Service Maps are a lie

Service Maps are a common feature of APM solutions today. They are marketed as tools to help you understand the communication graph of your services. However, the reality is that they simply lack the context to give you accurate information and can even lead you to misunderstand the flow of requests in your system.

A simple example

Here is a graph of flights from between 3 cities. This graph says there are 200 passengers to NewYork from San Francisco. It doesnt say how many of those 200 passengers are coming via Seattle and just have San Francisco as their connecting flight. Looking at this graph, we may also think that everyone from Seattle is only going to San Francisco when in reality some passengers may be traveling to New York but using San Francisco as their connecting flight.

We have connected 2 disjointed pieces of information, flights leaving San Francisco and flights leaving Seattle, without any context. Adding that context in the diagram below things are much more clearer.

We can see now that of the 100 Seattle passengers to San Francisco,  80 have a connecting flight to NewYork. We now know exactly how many passengers are coming to NewYork from each city.

Here is a Service Map from Datadog.

  • How many calls to postgresql are made with requests that came only from du-router?
  • How do the calls change over time?
  • Are there direct requests to du-coord made, that do not come via another service, but that result in calls to postgresql?
  • Is du-coord running a periodic job that makes calls to postgresql or du-indexer?
  • Do incoming requests from du-indexer result in separate calls being made back to du-indexer (resulting in a cycle) or are calls to du-indexer from du-coord only made on incoming requests via du-router?
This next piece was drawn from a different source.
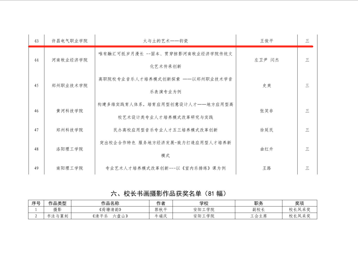 在艺术表演类节目中,器乐演奏《Yole(尤丽)》获得 二等奖,群舞 《春晓》获得三等奖,朗诵《我,向人民报道》获得三等奖。在高校美育改革创新优秀案例中,《火与土的艺术——钧瓷》获得三等奖。

The Service Map has simply connected two disjointed pieces of information:

  1. There are 2 services (du-router and du-indexer) that talk to du-coord.
  2. du-coord talks to 2 different services (postgresql and du-indexer).

The map is showing correlation when we are looking for causation.

The Service Map simply doesnt have enough information for one to understand and debug the flow of requests through your system. It is also a point-in-time graph only which doesnt show you how the communication between entities changed over time.